Parvovirus is still common especially in lower income areas where people try to save money by not vaccinating. Parvovirus can also be common in many shelters, pounds and rescues as many unvaccinated dogs come through the doors every year. The virus spreads easily and can survive up to one year in contaminated soil – a dog has only to sniff where an infected dog went to the toilet one year ago to pick up the infection. It causes sudden vomiting and diarrhoea of watery blood, severe shock, acute abdominal pain and death. Treatment is prolonged, costly and not always successful. This makes vaccination a must.

Canine Distemper

Canine Distemper occurs only occasionally as it has almost been eradicated in Australia due to a very successful vaccination program. It is a highly contagious viral disease and symptoms vary but include fever, sneezing, nasal discharge, vomiting diarrhoea, loss of appetite and depression. Muscle tremors, fits and paralysis occurs in the later stages of the disease.

Canine Hepatitis

This is a very serious viral liver disease. Symptoms include high fever, depression, loss of appetite, vomiting, diarrhoea and acute abdominal pain.

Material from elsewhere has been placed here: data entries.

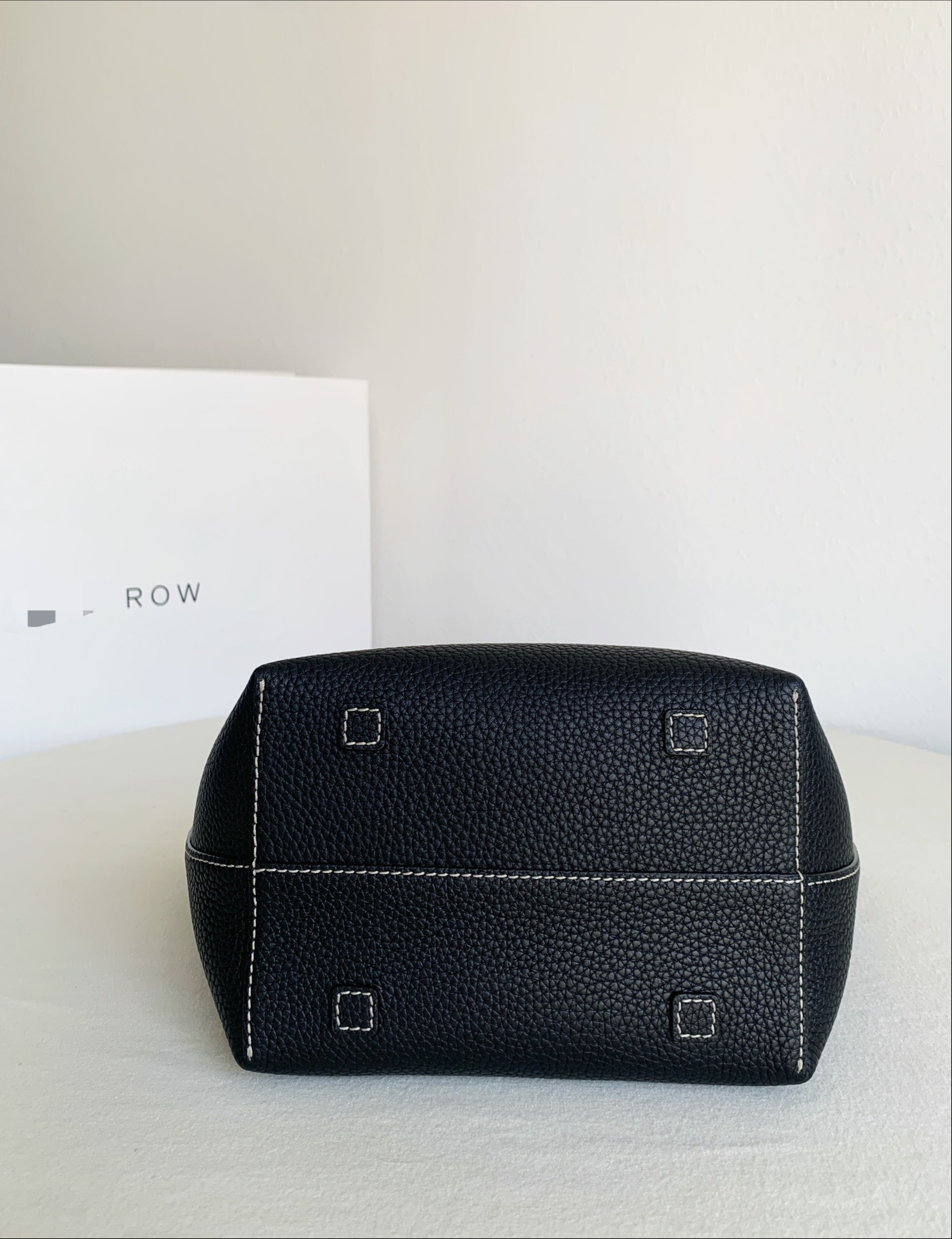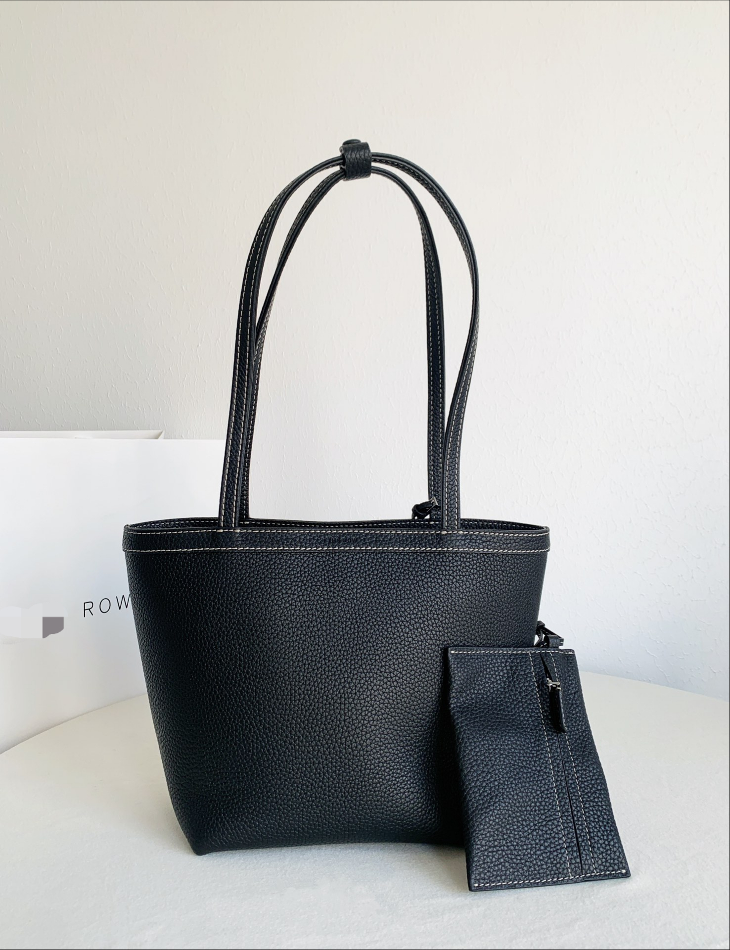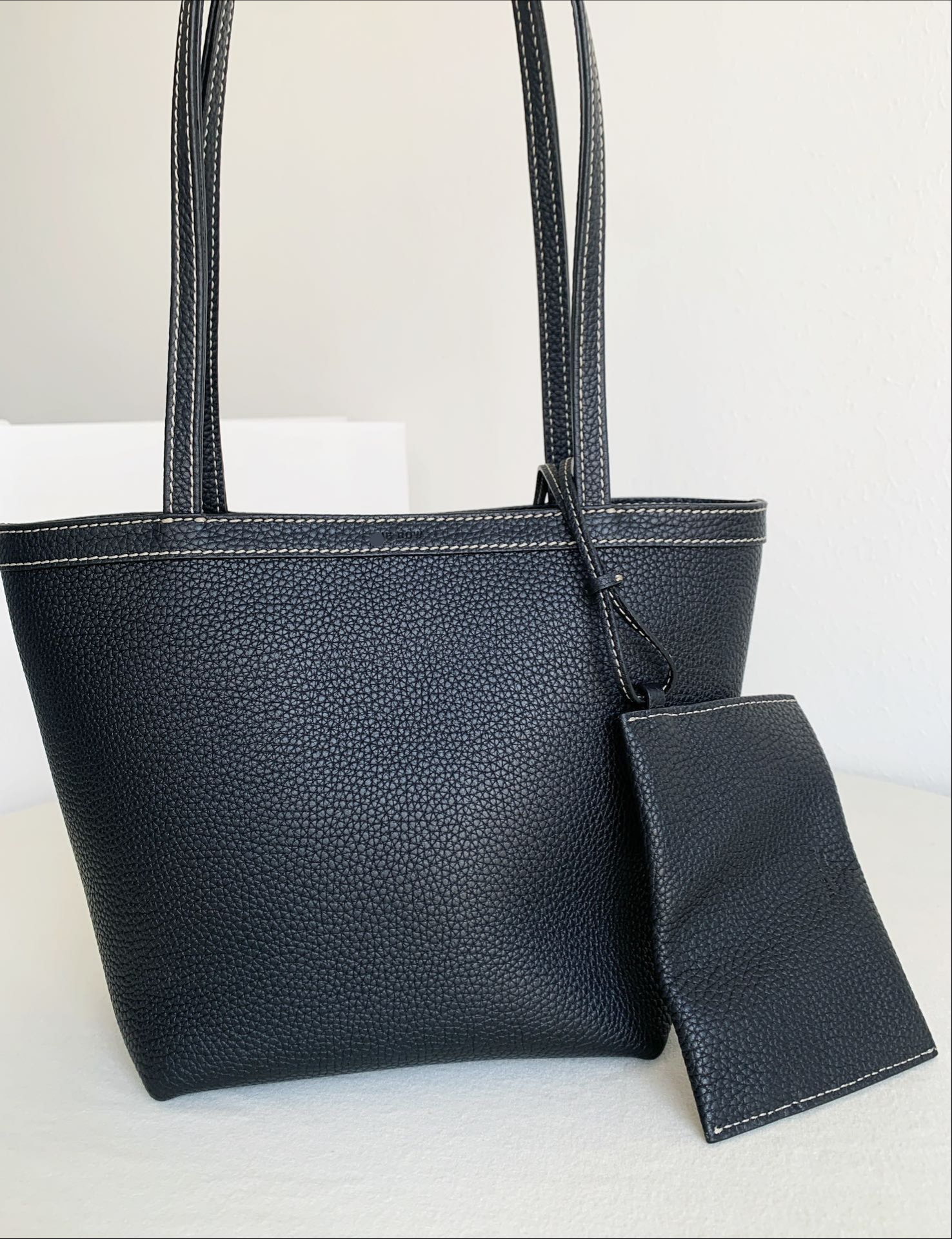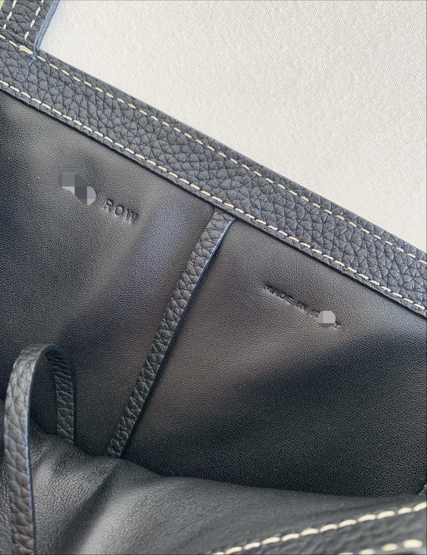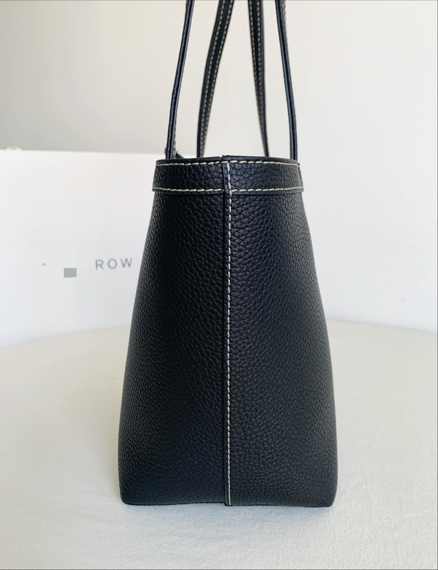 Row Tote Stitch 小號 黑色 外皮採用頭層荔枝紋TC牛皮製作,內裡搭配羊皮。 擁有比較飽滿的顆粒紋理, 包體舒適度拉滿;有一定的垂墜感, 且皮料富有高含量的油脂, 用的時間越長皮質會越柔軟。 搭配一個可拆卸小卡包,繞2圈可以當包掛, 平時也可以放在包內,可兩用搭配。 底面還做了四個真皮墊底,完全不需要擔心摩擦問題,整體包包以明線勾勒出輪廓,簡約大氣 尺寸:19*13*22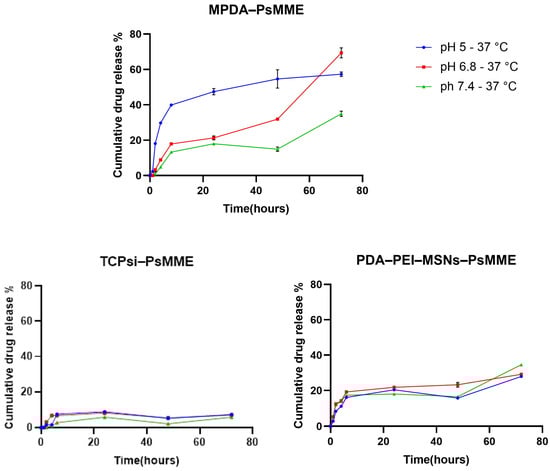 Nanoparticles can be used to extend the duration of drug release, which gives them certain advantages over immediate-release formulations, such as the potential for reducing dosing frequency and maintaining consistent drug concentration over time [,]. In this study, the PsMME release from the three nanoparticle formulations PDA–PEI–MSNs, TCPSi, and MPDA was carried out in acetate buffer, phosphate buffer, and PBS at the three different pH conditions of 5.5, 6.8, and 7.4, respectively, at 37 °C for 72 h (Figure 4), corresponding to endosomal, intratumoral/inflamed tissue, and extracellular conditions. According to statistical analysis, there are significant differences in drug release between the three different pH conditions (pH 5.5, 6.8, and 7.4) for each of the three nanoparticles (**** p < 0.0001). This may be owing to polydopamine (in PDA–PEI–MSNs and MPDA) being sensitive to low pH, i.e., being more soluble under acidic conditions, due to the protonation of its functional groups []. Therefore, a higher percentage of PsMME accumulative release can be observed at lower pH [,]. Since the other components (MSN, TCPSi) are not pH-responsive, the slight differences in release behavior under different pH conditions can most likely be attributed to the pH-dependent solubility of the drug molecule itself. Overall, the drug release profiles of the three nanoformulations show a sustainable release pattern over 72 h, which is an indication of incorporation of PsMME in the pores of the nanoparticles. MPDA showed the highest drug release fraction of 69.33 ± 1.62% after 72 h at pH 6.8 compared to the other nanoparticles and release conditions.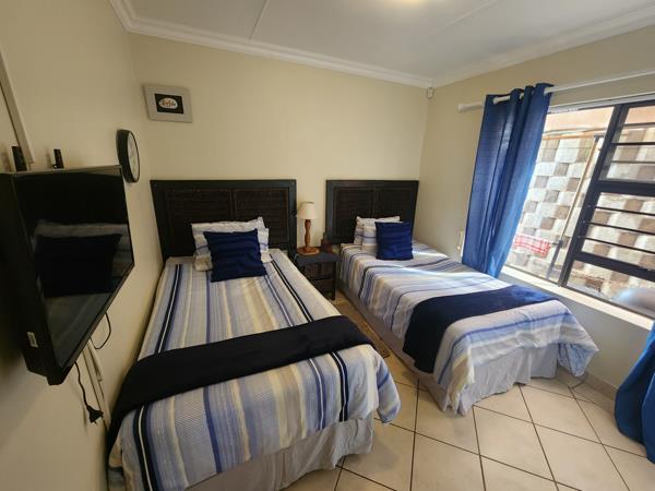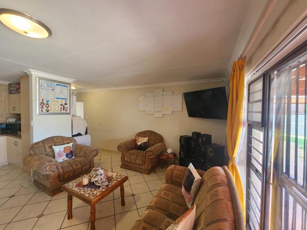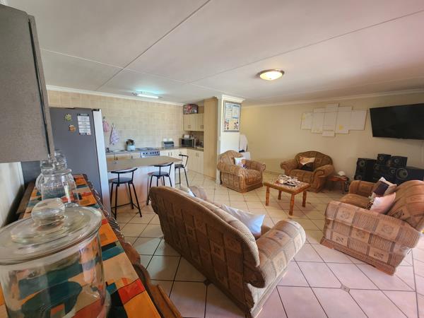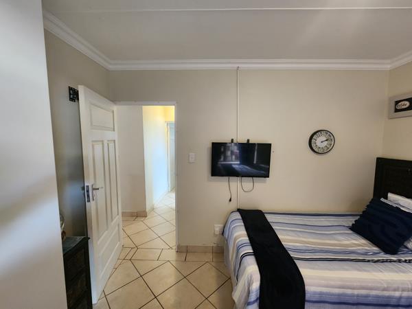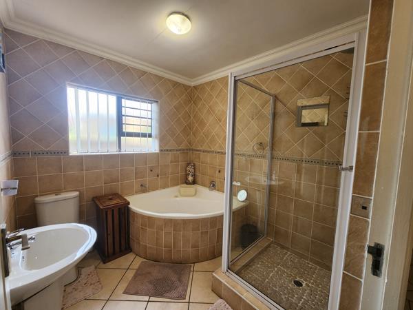 The home features three spacious bedrooms, ensuring ample accommodation for family and guests. The main bedroom is equipped with an en suite bathroom, including a shower, toilet, and basin, offering privacy and convenience. Sliding door lead out from the bedroom to the garden, and also bring in ample light. The full guest bathroom is thoughtfully designed with a bath, shower, toilet, and basin to cater to the needs of the household. The living spaces are well-proportioned, with a cosy living room and dining area that provide the perfect setting for relaxation or entertaining. The kitchen is both practical and inviting, boasting plenty of cupboard space and room for a dishwasher, making daily tasks effortless.

Prevention of Distemper, Hepatitis and Parvovirus

These days dogs receive annual booster to protect them from Distemper, Hepatitis and Parvovirus as a bare minimum.

Kennel Cough

There a several “bugs” which cause Kennel Cough of which the worst are Bordetella and Parainfluenza. Dogs coming into contact with large number of other dogs e.g. boarding kennels, show dogs, are at the greatest risk of catching kennel cough and can develop a nasty throat and/or chest infection.

Prevention of Kennel Cough

Both Bordetalla and Parainfluenza are preventable by use of Vaccination. There are still a few other “bugs” which can cause a mild kennel cough.

Benefits of Desexing your dog

Why you should have your dog Desexed

There are many medical and behavioural benefits in having your pet de-sexed:


  • Convenience to owners
  • Reduces the annoying and embarrassing urge of male dogs to “mount” the legs of visitors.
  • Reduced dog registration fees each year will quickly cover and probably exceed the cost of the operation.
  • Reduces aggression toward other animals.
  • Better Health for your Dog
  • Eliminates your dog’s desire to seek out a female and reduces free roaming (car accidents, etc.)
  • Reduces the risk of prostate problems and removes any chance of testicular tumors later in life.
  • Eliminates Sexual Frustration
  • A male dog sensing a female in heat nearby can break down doors and jump fences in his desire to mate.
  • Lets your dog relax and enjoy being part of the family.


  • Convenience to owners
  • Eliminates the oestrus or “heat” period: no bloody discharge
  • Eliminates the scent that attracts annoying male dogs to your home.
  • No need to confine your female when she would otherwise be “in heat”.
  • Eliminates the frantic pacing and crying by the female while she is in heat.
  • Reduced dog registration fees.
  • Better Health for your Dog
  • Eliminates most reproductive cancers.
  • Decreases the possibility of mammary tumors.
  • Eliminates Sexual Frustration
  • Decreases your pets desire to roam in search of a mate.